Montessori Education is different in many respects. It is a child-centered approach that concerns itself with the comprehensive development of the individual through self-construction. The senses can perceive stimuli by taking in and gathering impressions as soon as the infant is born. According to Dr. Montessori, “...we come in touch with and know the external world using the senses. Hence, we do not know the real external world. Still, we know the sensations which come to us from the external world and only in so far as our sensations are accurate can we come in touch with the reality of the external world” So, the senses do not work in isolation from other functions of the body, but in cooperation with sensory organs, nerve connections, and muscular movements that communicate with the brain to form perceptions of the environment.

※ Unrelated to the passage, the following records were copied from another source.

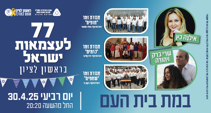 שרים בכיף עם הזמרת אילנה כץ ונגנים שירים לכבוד יום העצמאות ה-77 למדינת ישראל בשילוב מצגת מרהיבה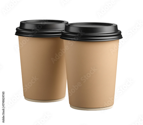 Two Cardboard Coffee Cups with Black Lids isolated on a transparent background
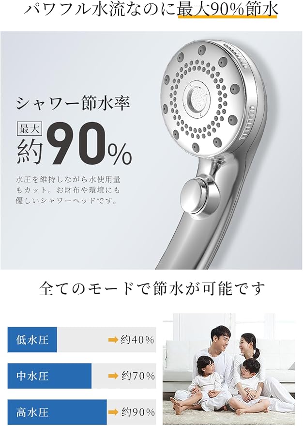 【5段階モード&節水効果】5つのモード切り替えで、目的に応じた最適な水流を提供。低水圧時に約40%、中水圧時に約70%、高水圧時には最大90%の節水を実現。肌にもお財布にも優しい設計です。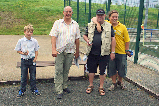 regelmäßig die Serie von Generationenturnieren. Unter der Federführung von Manfred Vey, fand am 26.08.2012 der vierte von sechs Spieltagen der Generationenturniere 2012 auf dem Boulodrome in Neunkirchen-Seelscheid statt. Der heimische Verein richtete zum wiederholten Male einen Spieltag aus. Insgesamt nahmen 8 Kinder und Jugendliche, von denen die meisten der Kooperation des BC mit der Gemeinschaftshauptschule in Neunkirchen-Seelscheid entstammen, mit ihren erwachsenen Mitspielern den Wettstreit um Punkte und Siege auf. In Neunkirchen-Seelscheid gab es außer den Wichtelgeschenken für alle, zusätzlich für die besten drei Jugendlichen/Kinder Siegerpokale, die in diesem Jahr von der Leiterin der o. g. Schule, Frau Anita Pütz, gestiftet wurden, die die Siegerehrung persönlich durchführte. Auch BPV- und Vereins-Präsident, Alfred Eckl, der am Vortag noch bei der Tête-á-tête-DM in St. Wendel aktiv war, ließ es sich nicht nehmen das Turnier mitzuspielen. Das Beispiel des BC Neunkirchen-Seelscheid zeigt, dass mit dem entsprechenden Engagement und guten Willen aller Verantwortlichen eine sehr gut funktionierende Zusammenarbeit mit einer Schule, angefangen vom Fahrdienst bis hin zu Trainingsstunden, möglich ist. Leider meinte es der Wettergott (wieder einmal) an diesem Tag nicht gut mit den Teilnehmern. Doch das Catering-Team des Vereins sorgte mit Pommes und Würstchen oder Nutella-Brötchen und Kuchen dafür, das trotzdem alle Spaß und gute Laune hatten.. Das Wichtigste: trotz einiger Regenschauer waren alle Kinder mit Kugel und Schweinchen und mit Eifer und bester Spiellaune, bei der Sache. Nach 5 spannenden Runden konnten dann die Tagessieger, Jessica Böhmer vor Nico Baumgart und Marvin Dünnwald, mit viel Beifall und zu ihrem verdienten Erfolg beglückwünscht werden. Insgesamt konnten viele hoffnungsvolle Talente für die Zukunft unseres Sports beim konzentrierten Spiel beobachtet werden. Schön ist, dass es den meisten gut gefallen zu haben scheint, denn sonst hätten sie wohl nicht den Wunsch geäußert, auch an den zwei restlichen Spieltagen teilzunehmen. Der Jugendausschuss des BPV NRW bedankt sich beim gesamten Team des Boule Club Neunkirchen-Seelscheid für einen tollen Bouletag und freut sich über die Zusage der Verantwortlichen auch in 2013 wieder als Austragungsort für einen der Spieltage der Generationenturniere zur Verfügung zu stehen. Martin Wleklik Jugendausschuss BPV NRW (mit Unterstützung von Manfred Vey) |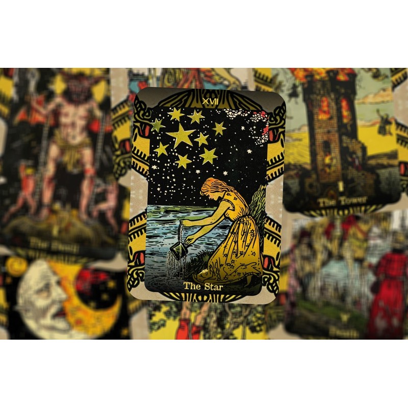 The Golden Dawn Tarot Cards, inspired by the classic Rider-Waite Tarot deck, reflect the profound symbolism and mystical imagery of Pamela Colman Smith's renowned illustrations.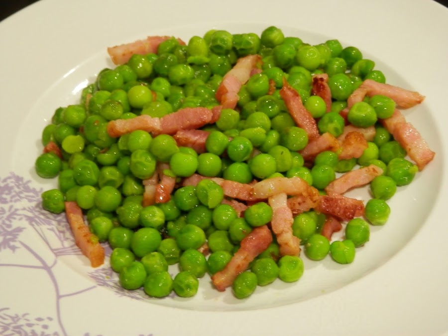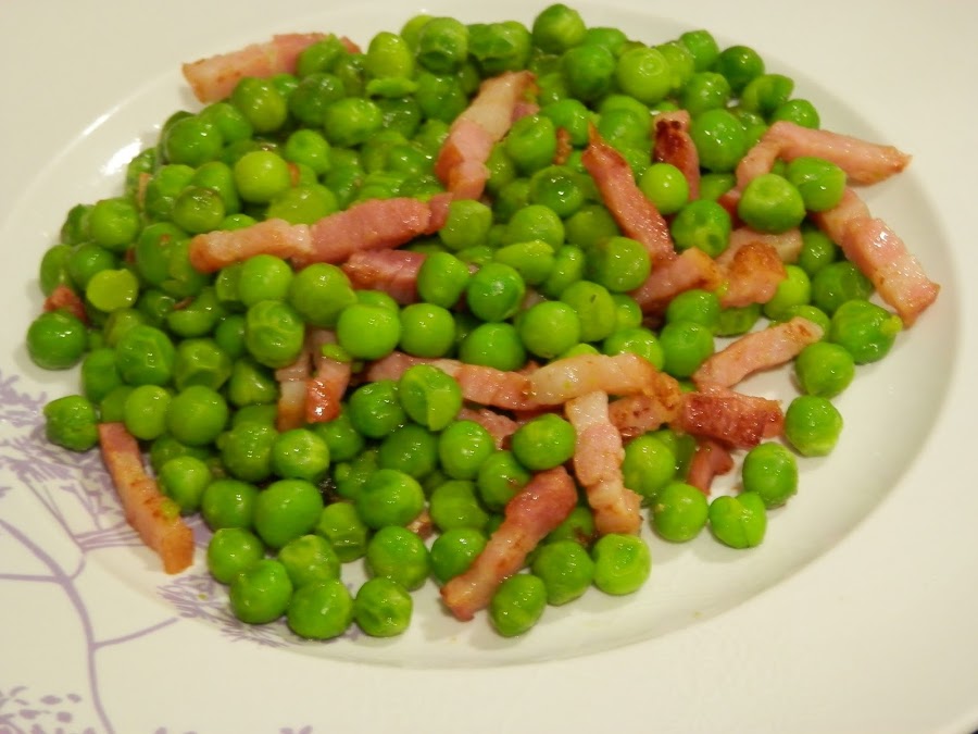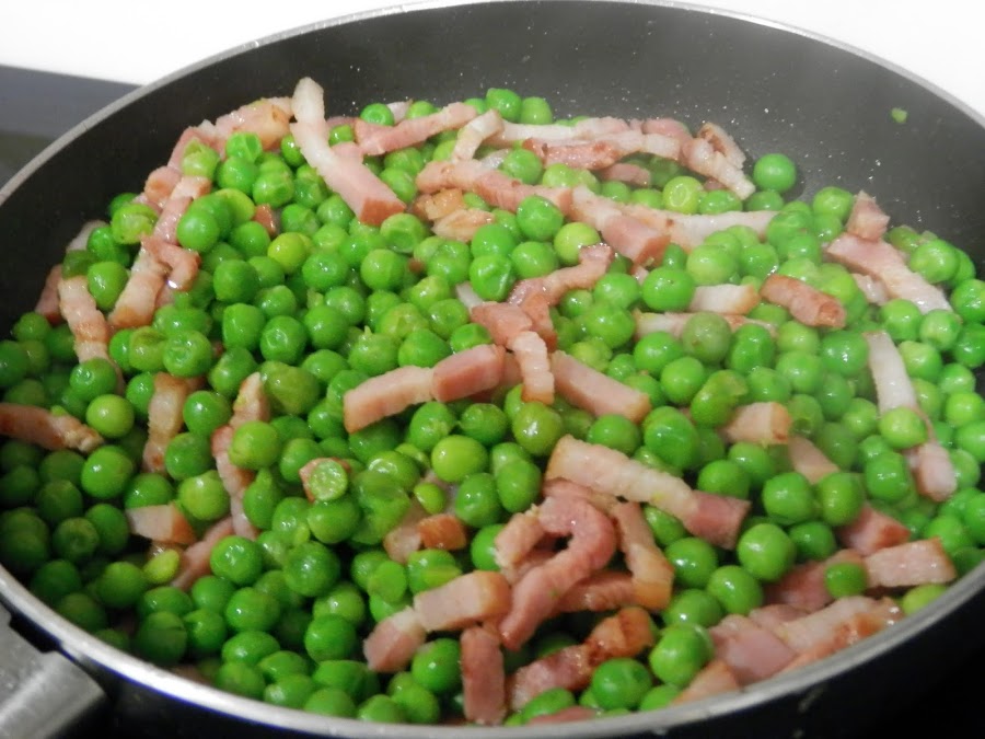 Cuando esté a medio, añade los guisantes y saltea todo junto durante unos cinco minutos.
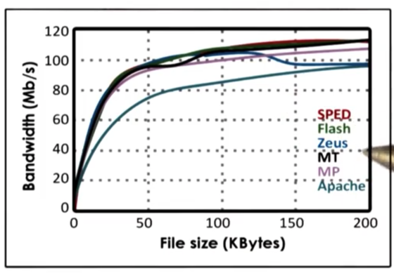 SPED has the best performance. Flash is similar in performance, but it performs the extra check for memory presence. Zeus has an anomaly, where it drops in performance after a threshold of around 125Kb. The performance of the multithreaded/multiprocess implementation are lower because of the extra synchronization requirements and the cost of context switching. Apache has the lowest performance because it has no optimizations.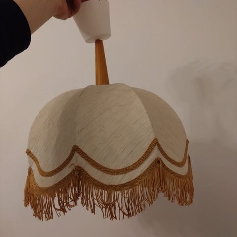 Kattovalaisin 1950-luvun lopulta 30€, afrikkailaistyylinen kattoblafondi 8 €. Lisäksi pöytälamppuihin kuvut yht. 4 €.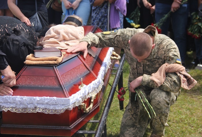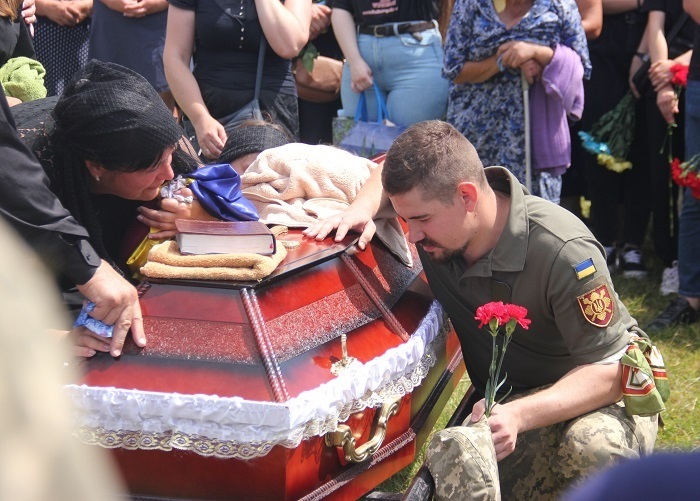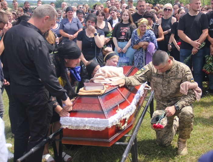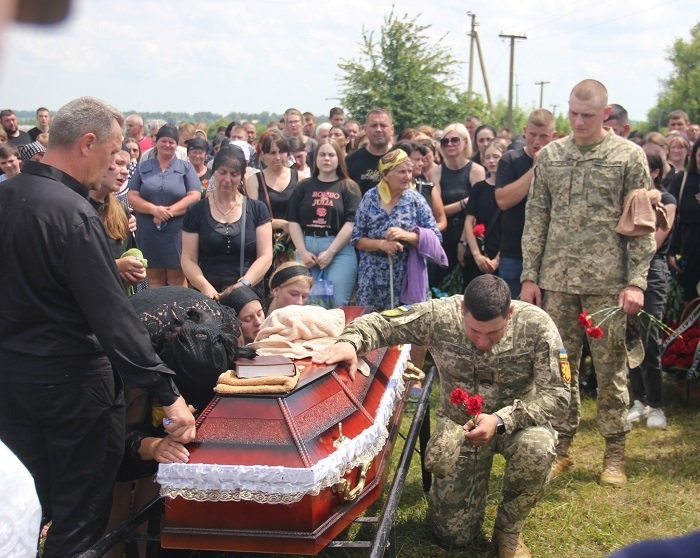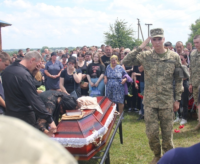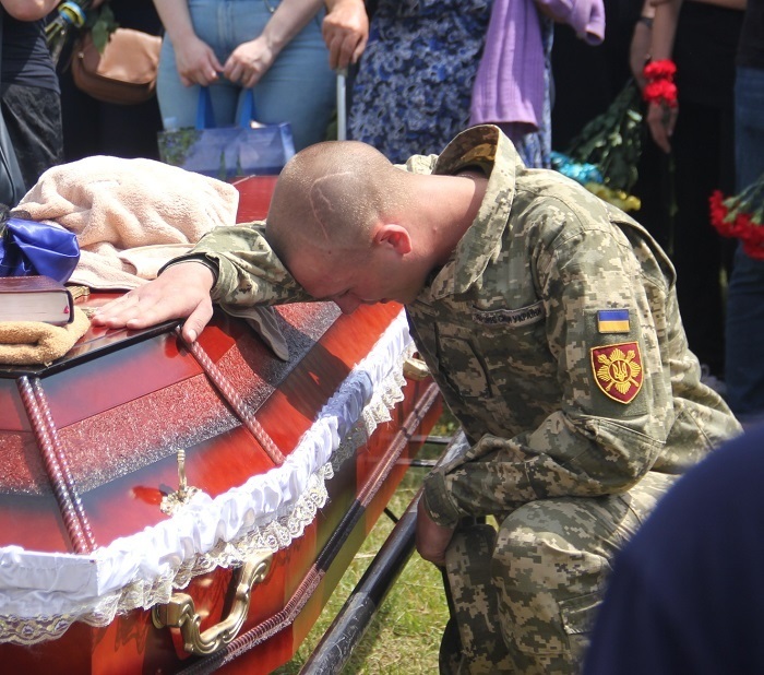 Не стримують емоцій навіть військові. Кожен з них припадає на коліно перед домовиною з тілом Івана, хтось щось тихенько шепоче, хтось поплескує долонею по віку, ніби плескає по плечу свого друга, а хтось, не соромлячись, плаче.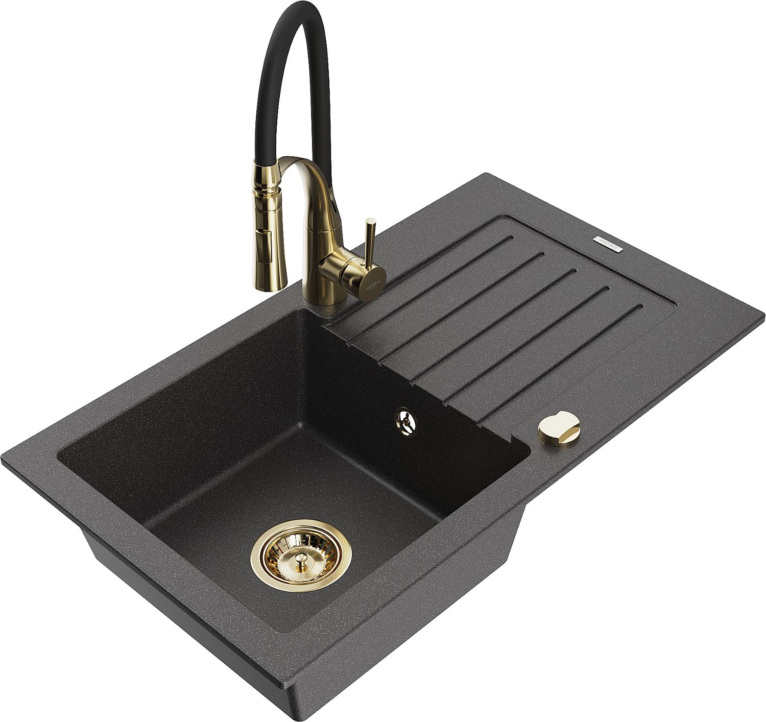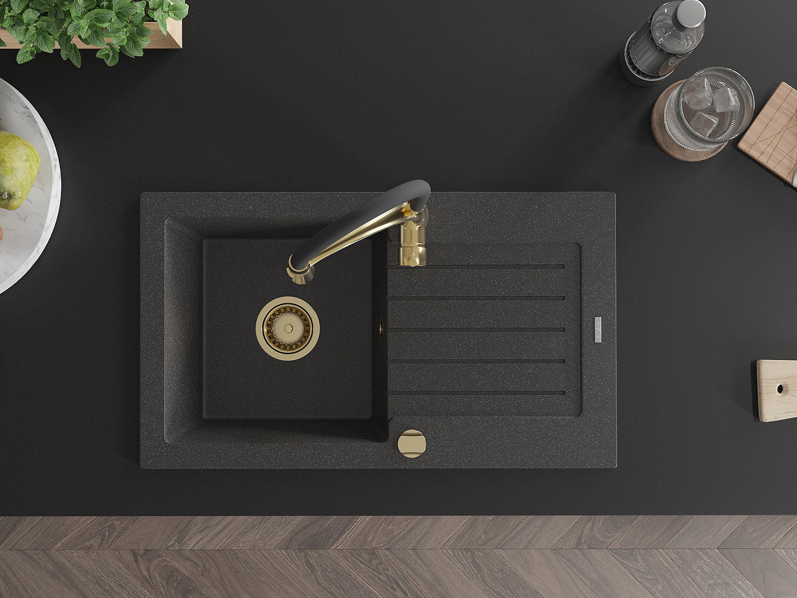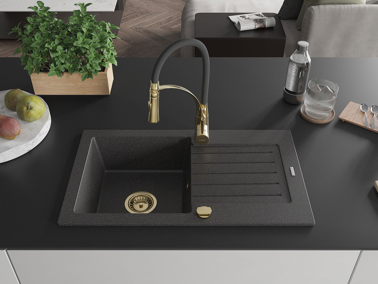 Mexen Pablo chiuvetă de granit cu o cuvă cu scurgător și baterie de bucătărie Aster, negru cu pete - 6510-76-73450-57-G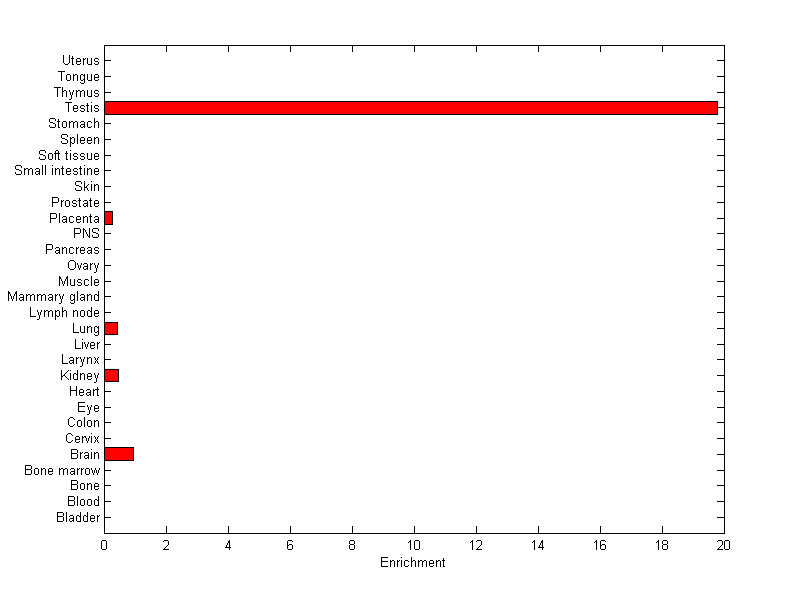 The expression level is normalized with tissue-library size. Each value for a gene in a tissue is a ratio of observed ESTs to the expected one in this tissue. The expected number of ESTs is the product of total ESTs of the gene and the fraction of total ESTs in the tissue among all ESTs in 30 tissues.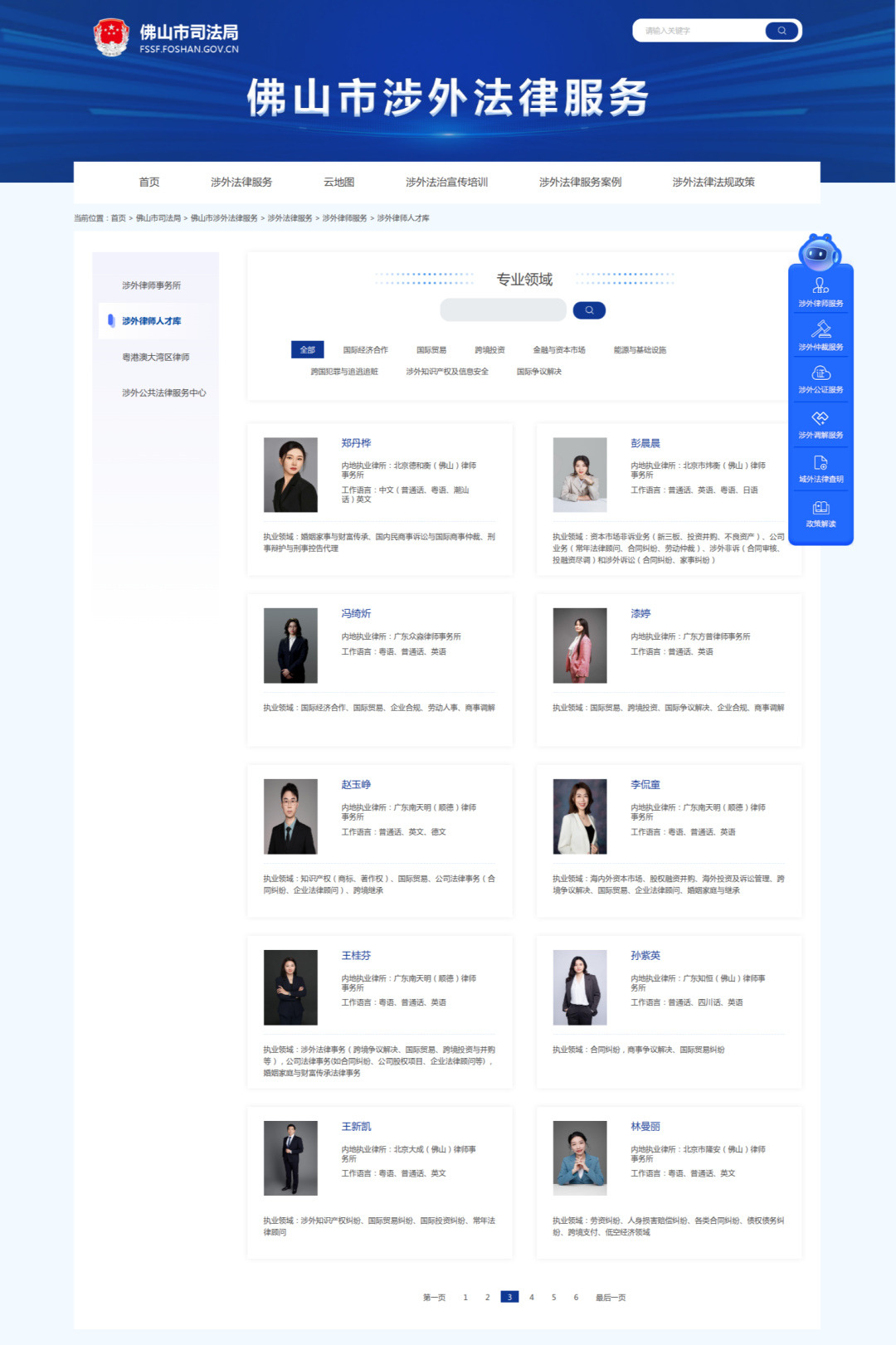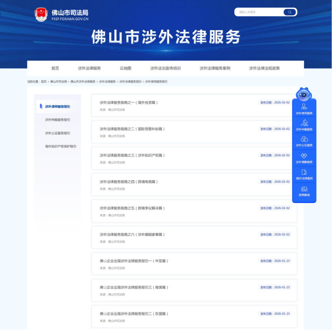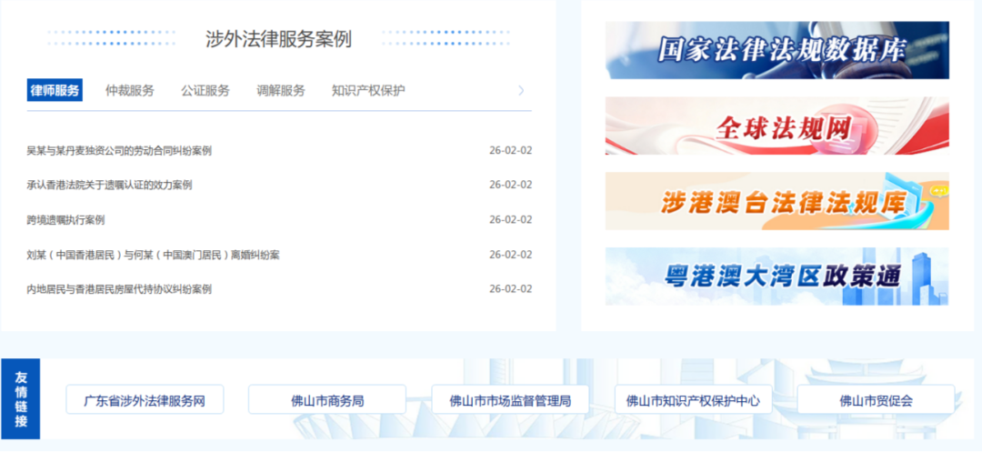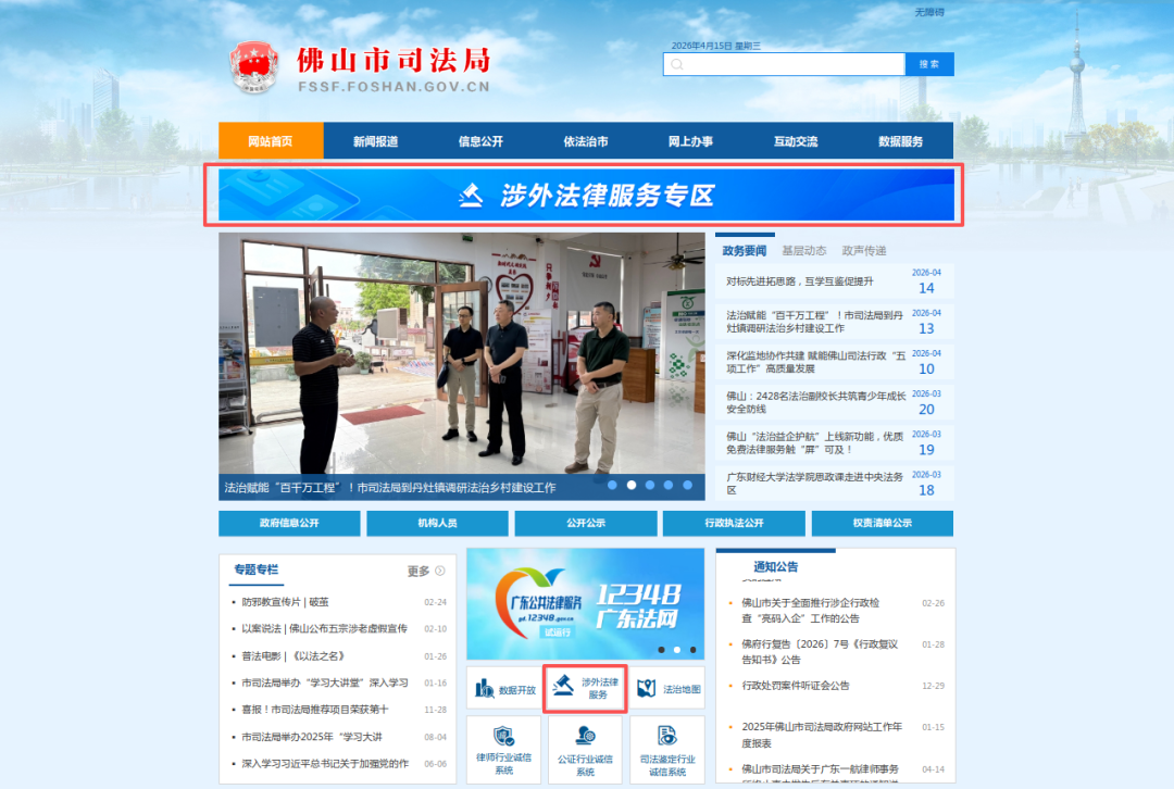 在佛山市司法局官网点击“涉外法律服务专区”可一键直达

Marbotic encourages playfull learning through manipulation of colored wooden toys

It is essential to educate the senses by creating an environment and providing materials that allow the child to experience an accurate and proper understanding of the world around him. The child engages in sensorial explorations through everyday interactions with his environment. It is essential to expose the child to many sense-related experiences and allow him the freedom to explore the elements of the domain. The child absorbs and perceives impressions by exploring through movement and physically contacting the world around him. The child’s absorbent mind stores this information while building mental classifications until he transitions into the conscious phase. During the conscious phase from ages 3-6, sensorial explorations are done on a more conscious and intentional level. He is deliberate in his explorations and builds mental distinctions between people, objects, and other experiences in his environment. He sorts out the impressions he absorbed previously and categorizes each into classifications. This is demonstrated through his deliberate act of picking up an object with his hands and exploring its shape, dimension, or color qualities. This exploration reinforces the existing mental structures and develops new ones for a unique experience.


The materials prepare the child directly for classifying the world around them. However, the materials also indirectly prepare the child for something later. The ability to accomplish tasks or work with future materials is made possible because exercises have already designed a physical or mental organ the child engaged in previously, “thus the whole progression of knowledge becomes unified because all knowledge is rooted in something which came before” (Montessori, The Creative Development in the Child, p. 145). The dimension materials offer the child a foundation for mathematics, algebra, and cubing.


Dr. Montessori pointed out the importance of developing the senses during development when abnormalities can be corrected: between 3-6. Work with the Sensorial materials provides an opportunity for the guide to identify any positive defects so that all resources for support can be made available to the child. Such debilities might inhibit the child’s ability to adapt to his environment due to poor sight, hearing, or perhaps tactile nerve damage. Discovering these early provides adults with information to offer corrections to improve the shortcoming.

All in all, a child-centered approach to education goes far beyond the technical and abstract demands of education as many of us receive it. Montessori education attempts to create a comprehensive learning system that prepares the individual intellectually, physically, morally, and practically for the dynamic changes of our fast-changing world. If we honestly expect a much better future than the world we inherited, we must be willing to educate children into fully functional, contributing members of society. As Dr. Montessori said, you educate the child, you create the future.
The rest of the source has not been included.